Quia maior is a papal bull issued by Pope Innocent III in April 1213 calling for the Fifth Crusade. It was sent to nearly all the ecclesiastical provinces in Europe.

Innocent claimed that the Crusade offered an opportunity for salvation: "[H]ow many, converted to penitence, have handed themselves over by service of the Crucified for the liberation of the Holy Land, as is by suffering martyrdom they have obtained the crown of glory, who would perhaps have perished in their iniquities entangled in carnal desires and earthly seductions. This is an old device of Jesus Christ that he deigned to renew in these days for the salvation of his faithful". Innocent then called for a new crusade:

Thus the King of kings, our Lord Jesus Christ, who brought body and soul and other goods to you, will condemn you for the vice of ingratitude and the crime of infidelity if you should fail to aid him with the result that he lost his kingdom that he brought with the price of his blood. Know then that whoever denies aid to the Redeemer in this time of his need is culpably harsh and harshly culpable. For, also, insofar as, according to the divine command, he loves his neighbor as himself and for him, he knows that this brethren in faith and in the Christian name are imprisoned by the faithless Saracens in a cruel prison and endure the harsh yoke of slavery, he does not expend the efficacious work for their liberation, that the Lord spoke of in the Gospel. "Do to others whatever you wish them to do to you". Or perhaps you do not know that many thousands of Christians are held in prison and slavery by them and they suffer countless torments?

Innocent continued:

...the Christian people possessed almost all the Saracen provinces until after the time of Saint Gregory.
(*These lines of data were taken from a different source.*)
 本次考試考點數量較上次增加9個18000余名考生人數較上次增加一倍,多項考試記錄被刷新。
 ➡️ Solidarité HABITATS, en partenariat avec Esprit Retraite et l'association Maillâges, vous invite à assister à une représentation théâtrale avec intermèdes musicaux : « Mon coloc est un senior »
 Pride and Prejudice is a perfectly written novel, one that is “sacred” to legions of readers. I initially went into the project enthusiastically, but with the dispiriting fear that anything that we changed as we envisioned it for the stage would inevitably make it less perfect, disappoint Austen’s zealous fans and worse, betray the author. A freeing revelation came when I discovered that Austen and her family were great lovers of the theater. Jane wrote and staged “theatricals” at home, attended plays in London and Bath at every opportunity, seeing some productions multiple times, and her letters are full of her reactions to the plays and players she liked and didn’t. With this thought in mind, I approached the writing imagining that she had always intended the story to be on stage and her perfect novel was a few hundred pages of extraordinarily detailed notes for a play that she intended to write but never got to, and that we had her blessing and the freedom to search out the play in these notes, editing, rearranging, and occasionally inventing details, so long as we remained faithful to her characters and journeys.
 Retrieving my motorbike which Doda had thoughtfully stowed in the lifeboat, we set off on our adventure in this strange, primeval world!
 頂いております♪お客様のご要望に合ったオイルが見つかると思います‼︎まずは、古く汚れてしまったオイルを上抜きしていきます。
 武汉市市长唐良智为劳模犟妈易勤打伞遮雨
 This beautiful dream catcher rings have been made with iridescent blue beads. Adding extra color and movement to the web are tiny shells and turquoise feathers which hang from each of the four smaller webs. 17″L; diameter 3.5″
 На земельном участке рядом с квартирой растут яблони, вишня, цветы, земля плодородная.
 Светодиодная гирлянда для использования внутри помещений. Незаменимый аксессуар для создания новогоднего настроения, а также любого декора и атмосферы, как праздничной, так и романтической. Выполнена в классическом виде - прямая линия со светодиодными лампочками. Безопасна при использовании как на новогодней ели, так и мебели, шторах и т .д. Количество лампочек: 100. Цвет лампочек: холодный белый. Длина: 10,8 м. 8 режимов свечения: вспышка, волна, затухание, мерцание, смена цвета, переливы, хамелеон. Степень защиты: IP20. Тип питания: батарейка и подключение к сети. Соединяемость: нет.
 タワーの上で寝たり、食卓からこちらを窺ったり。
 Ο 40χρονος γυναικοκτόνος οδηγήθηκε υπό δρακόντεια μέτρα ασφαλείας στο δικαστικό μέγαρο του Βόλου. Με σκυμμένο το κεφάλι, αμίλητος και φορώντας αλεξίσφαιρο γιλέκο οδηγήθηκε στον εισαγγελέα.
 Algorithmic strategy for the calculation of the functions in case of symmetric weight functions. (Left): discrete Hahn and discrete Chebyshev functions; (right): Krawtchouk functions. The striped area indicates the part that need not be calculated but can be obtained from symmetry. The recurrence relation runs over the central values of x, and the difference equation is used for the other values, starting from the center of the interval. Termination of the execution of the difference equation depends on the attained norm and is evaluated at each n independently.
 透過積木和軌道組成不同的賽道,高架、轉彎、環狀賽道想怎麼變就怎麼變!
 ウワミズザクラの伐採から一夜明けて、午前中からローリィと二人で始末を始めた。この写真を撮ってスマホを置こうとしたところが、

But after that time, a certain son of perdition, the pseudo-prophet Muhammad, arose, and he seduced many away from the truth with carnal enticements and pleasures. Even though his perfidy lasted until the present, still we trust in the Lord who has now made a good sign that the end of this beast, whose number, according to John's Apocalypse, counts 666, of which now almost six hundred years are completed approaches. ... Therefore, dearly beloved sons, changing dissensions and fratricidal jealousies into treaties of peace and goodwill, let us gird ourselves to come to the aid of the Crucified, not hesitating to risk property and life for him who laid down his life and shed his blood for us.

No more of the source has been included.